▸ RECORDED INFORMATION
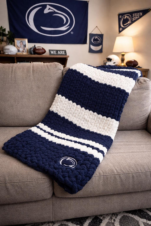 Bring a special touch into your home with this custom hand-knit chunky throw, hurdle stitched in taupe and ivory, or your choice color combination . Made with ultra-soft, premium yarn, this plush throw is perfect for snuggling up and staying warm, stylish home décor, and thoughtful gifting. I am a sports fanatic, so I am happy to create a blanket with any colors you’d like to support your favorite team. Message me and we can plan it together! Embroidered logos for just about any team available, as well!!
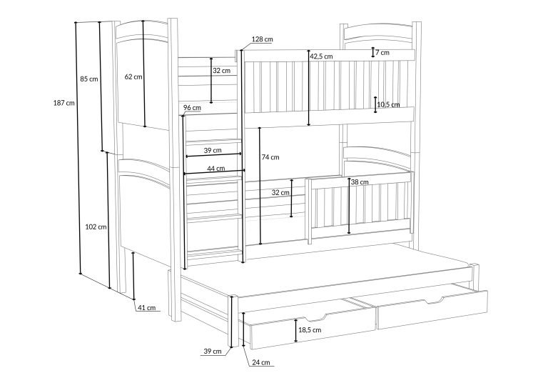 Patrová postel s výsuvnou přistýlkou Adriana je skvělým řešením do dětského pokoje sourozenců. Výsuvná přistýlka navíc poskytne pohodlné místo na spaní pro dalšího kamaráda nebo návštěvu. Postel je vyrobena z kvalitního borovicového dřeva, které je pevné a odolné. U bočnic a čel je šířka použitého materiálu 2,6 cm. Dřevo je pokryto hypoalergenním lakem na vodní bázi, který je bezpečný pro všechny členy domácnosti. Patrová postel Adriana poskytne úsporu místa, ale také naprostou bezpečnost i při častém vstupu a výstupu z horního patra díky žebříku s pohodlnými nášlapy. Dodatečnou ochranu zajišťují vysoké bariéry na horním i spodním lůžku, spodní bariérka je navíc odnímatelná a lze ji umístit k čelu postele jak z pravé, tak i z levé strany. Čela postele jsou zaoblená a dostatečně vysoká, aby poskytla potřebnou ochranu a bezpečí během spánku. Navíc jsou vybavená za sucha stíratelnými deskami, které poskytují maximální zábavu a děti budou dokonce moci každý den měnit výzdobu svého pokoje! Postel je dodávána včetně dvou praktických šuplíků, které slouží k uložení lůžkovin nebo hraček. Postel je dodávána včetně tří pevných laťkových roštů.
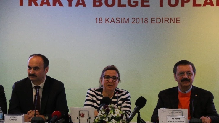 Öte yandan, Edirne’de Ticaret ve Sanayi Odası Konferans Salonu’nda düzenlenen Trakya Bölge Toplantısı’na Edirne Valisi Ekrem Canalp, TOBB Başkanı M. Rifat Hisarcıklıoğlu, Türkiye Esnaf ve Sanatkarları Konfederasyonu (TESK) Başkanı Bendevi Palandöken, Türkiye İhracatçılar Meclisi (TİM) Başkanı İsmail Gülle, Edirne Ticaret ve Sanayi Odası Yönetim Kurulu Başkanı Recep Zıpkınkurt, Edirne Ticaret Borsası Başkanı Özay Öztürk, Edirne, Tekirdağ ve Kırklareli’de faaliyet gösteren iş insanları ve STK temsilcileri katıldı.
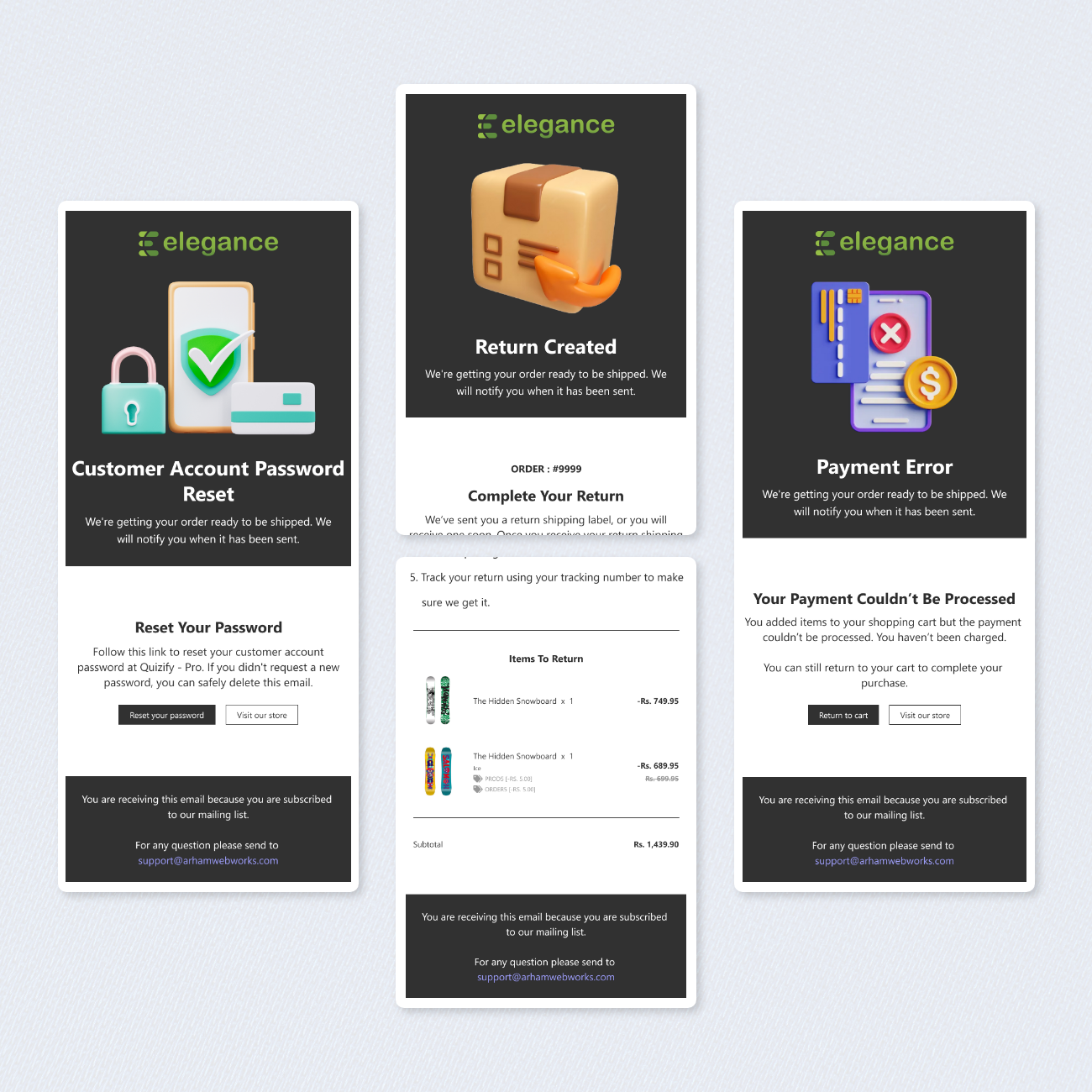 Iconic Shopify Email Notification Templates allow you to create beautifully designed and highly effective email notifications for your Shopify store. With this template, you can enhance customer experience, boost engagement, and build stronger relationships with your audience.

▸ EXERCISE DIRECTIONS
Write the material above out again exactly as it reads, but don't carry over the pictures.

▸ YOUR SOLUTION
 Bring a special touch into your home with this custom hand-knit chunky throw, hurdle stitched in taupe and ivory, or your choice color combination . Made with ultra-soft, premium yarn, this plush throw is perfect for snuggling up and staying warm, stylish home décor, and thoughtful gifting. I am a sports fanatic, so I am happy to create a blanket with any colors you’d like to support your favorite team. Message me and we can plan it together! Embroidered logos for just about any team available, as well!!
 Patrová postel s výsuvnou přistýlkou Adriana je skvělým řešením do dětského pokoje sourozenců. Výsuvná přistýlka navíc poskytne pohodlné místo na spaní pro dalšího kamaráda nebo návštěvu. Postel je vyrobena z kvalitního borovicového dřeva, které je pevné a odolné. U bočnic a čel je šířka použitého materiálu 2,6 cm. Dřevo je pokryto hypoalergenním lakem na vodní bázi, který je bezpečný pro všechny členy domácnosti. Patrová postel Adriana poskytne úsporu místa, ale také naprostou bezpečnost i při častém vstupu a výstupu z horního patra díky žebříku s pohodlnými nášlapy. Dodatečnou ochranu zajišťují vysoké bariéry na horním i spodním lůžku, spodní bariérka je navíc odnímatelná a lze ji umístit k čelu postele jak z pravé, tak i z levé strany. Čela postele jsou zaoblená a dostatečně vysoká, aby poskytla potřebnou ochranu a bezpečí během spánku. Navíc jsou vybavená za sucha stíratelnými deskami, které poskytují maximální zábavu a děti budou dokonce moci každý den měnit výzdobu svého pokoje! Postel je dodávána včetně dvou praktických šuplíků, které slouží k uložení lůžkovin nebo hraček. Postel je dodávána včetně tří pevných laťkových roštů.
 Öte yandan, Edirne’de Ticaret ve Sanayi Odası Konferans Salonu’nda düzenlenen Trakya Bölge Toplantısı’na Edirne Valisi Ekrem Canalp, TOBB Başkanı M. Rifat Hisarcıklıoğlu, Türkiye Esnaf ve Sanatkarları Konfederasyonu (TESK) Başkanı Bendevi Palandöken, Türkiye İhracatçılar Meclisi (TİM) Başkanı İsmail Gülle, Edirne Ticaret ve Sanayi Odası Yönetim Kurulu Başkanı Recep Zıpkınkurt, Edirne Ticaret Borsası Başkanı Özay Öztürk, Edirne, Tekirdağ ve Kırklareli’de faaliyet gösteren iş insanları ve STK temsilcileri katıldı.
 Iconic Shopify Email Notification Templates allow you to create beautifully designed and highly effective email notifications for your Shopify store. With this template, you can enhance customer experience, boost engagement, and build stronger relationships with your audience.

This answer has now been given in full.